The English word “justice” is a translation from the Hebrew word “mishpat” and it refers to the act of rightly deciding a case in the courts. Although Justice has been understood as a synonym for fairness, it is not just doing what is fair, but what is right. Justice is one of the greatest and foremost attributes of the character of God.
What is injustice? Injustice is the illegal act of depriving people of their rights. It is the inherent unfair practice of keeping people in a condition that leaves them at an economic and social disadvantage.
In Kenya today, injustice is subtle and easily disguised. The political and economic structures of Kenya favour the rich. The poor and middle class are at a huge disadvantage. Wealthy people and elites run and own the government. They control all of the economic, social, and political power. They ensure that the laws enacted always benefit them. Poor people do not have a chance.
Think for a moment about what is happening in this country. As we have become more affluent, we have become more religious and less attentive and interested in matters of justice. We dismiss the requirements for the practice of justice as just religious trivia.
An ox knows its owner and a jackass knows the one who feeds it, but the people of God don’t understand. It is dangerous for people to disconnect themselves from their history. When people disconnect themselves from their history, they disassociate themselves from everything that had been at the centre of who they were. When a government does not remember the purpose of her existence, the most just thing to do is to replace it. The way to Canaan cannot be cut short by anyone. Not even the Moses who brought us out of Egypt. God buried Moses in the wilderness.
During the days of Prophet Isaiah, when one looked out across Judah, all he could see and find were pockets of corruption, violence, murder, cheating, brokenness, pain, suffering, idolatry, unrighteousness, social and political injustice. There was widespread sin. The problems of this society had become generational. One generation produced a second and third generation of sinful, corrupt people. The period of peace under King Uzziah gave rise to a generation of self-indulgent, indifferent people.
I believe that to elect former or present KANU leaders and their offspring, or Banana supporters and their die-hards, is to provide avenues for the past to rule the future. Kenyans rejected KANU but kept its leaders. We rejected the Banana constitution group but kept its proponents. This generation should learn to forget familiar failures. There is very little integrity to harness from our past.
We are unjust to our children. Justice is not just us. Under the current leadership, what do you think your children’s children will become? What will the next generation look like? Justice demands that we do the right things now to prepare the next generation to be better than us. Each generation should produce a generation that rises higher than the previous generation.
One wonders why our people are still so far behind yet we have the opportunity to rise above the stench of poverty, addiction, and crime. There is a very active presence of economic and political exploitation of our people.
Justice is not just us.The problems of our fathers do not have to become ingrained in each new generation that comes along. Let’s give our children a chance to succeed. Let’s give them the tools necessary to get ahead.
The practice of religion is not a substitute for justice. Judah had plenty of religion, but no praxis. Judah had plenty of sacrifice, but no social justice and commitment to the least of those among them. Judah had plenty of offerings and giving, but nothing that God was pleased with.

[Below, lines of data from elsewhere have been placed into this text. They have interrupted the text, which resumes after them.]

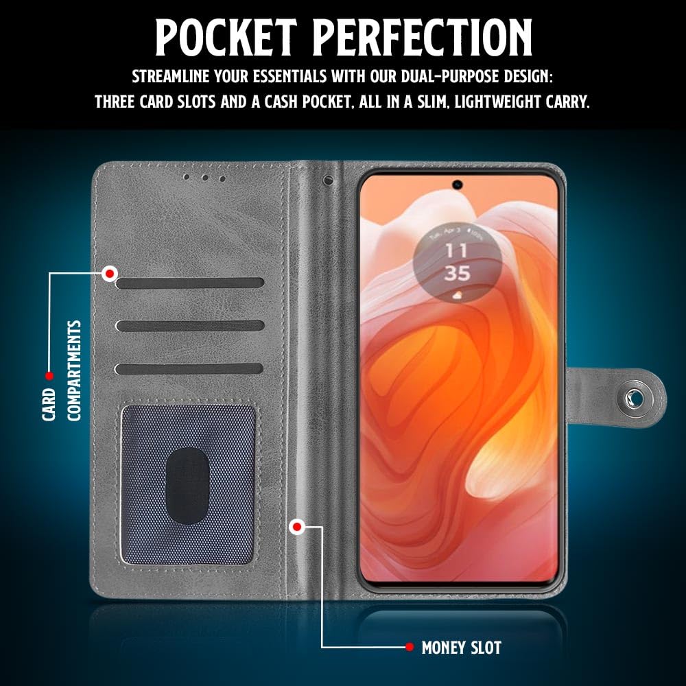 Buy premium shock proof flip cover back case for motorola moto edge 50 ultra. Leather finish with magnetic flip closure, wallet pockets and stand support. Durable protection against drops and scratches with a perfect fit for motorola moto edge 50 ultra.
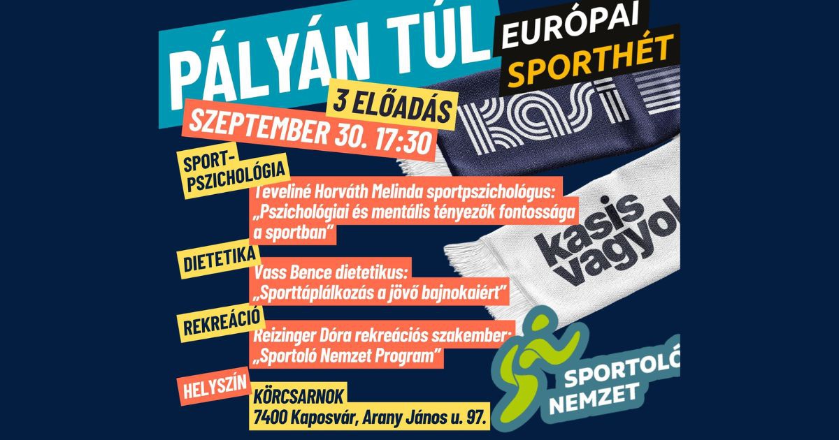 A Kaposvári Sportközpont és Sportiskola is csatlakozott az Európai Sporthéthez. Ennek keretein belül ezen a héten kedden a Városi Sportcsarnokban három előadást tartanak majd a KASI szakemberei.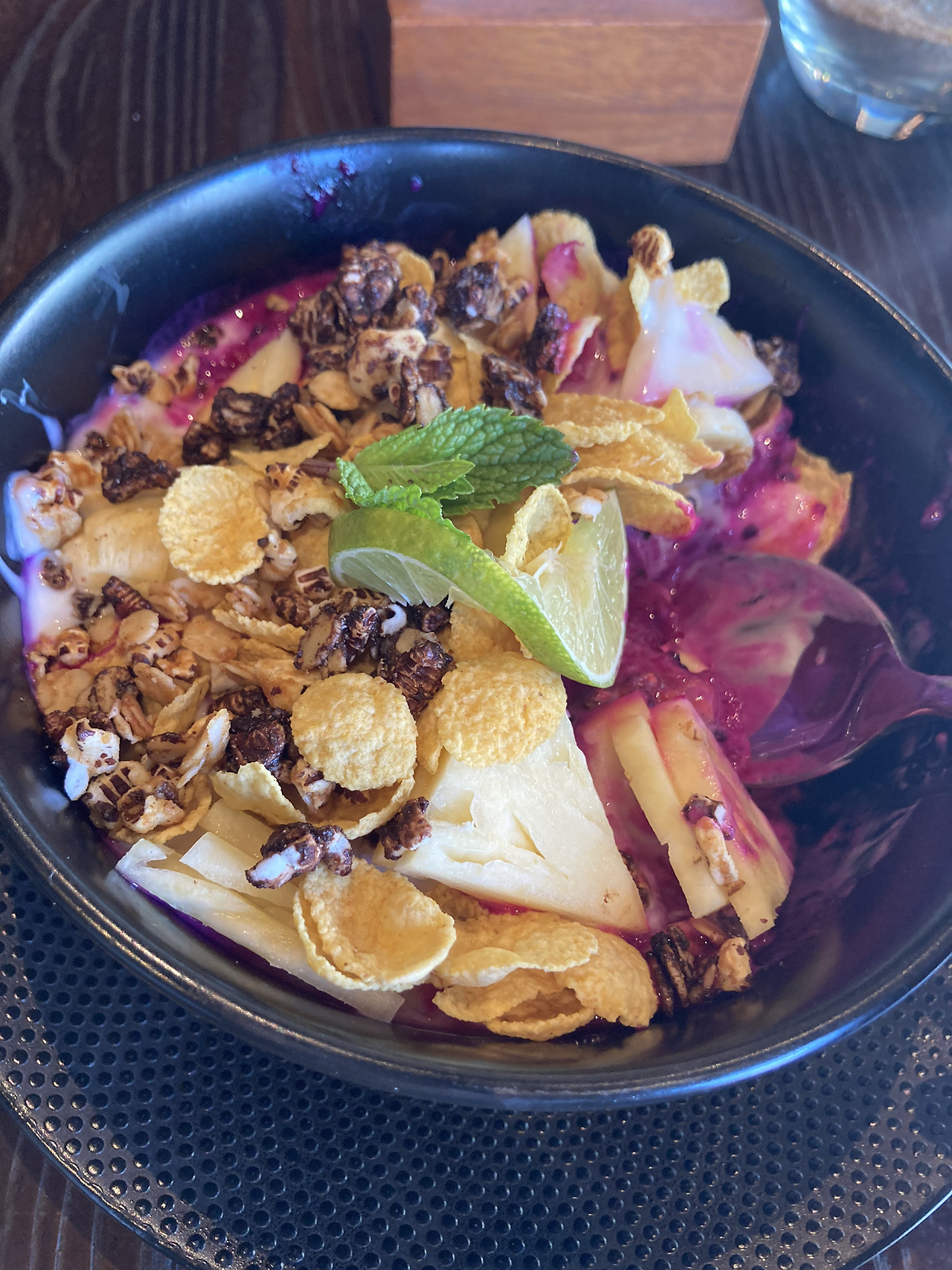 아침은 용과 스무디볼을 먹었다. 라떼와 함께.

Today the trend of many preachers is to give people a dynamic worship experience without any responsibility to live out the mandates of justice. These are leaders who don’t see Kenya. They just see their religion and congregation. We are not just called to feel good, but to do good. In addition to prayer, we should practice our faith in God. Praise is not a substitute for doing justice or challenging the status quo. It is not a substitute for doing what is right in the eyes of God and neither is it a substitute for taking up leadership of your country.
We cannot ignore God’s requirements to practice justice, love and mercy. If we love justice, we should be concerned about Kenya and its policy framework. We should be moved to question the allocation of taxes for the just course of our nation. God is a God of justice.
Every leader from Mutula Kilonzo (minister for justice) to our legislative council should be reminded that to limit justice to yourself, your clique, your party, your leaders and your generation, is to kill justice in the nation. Is it Justice or Just Us?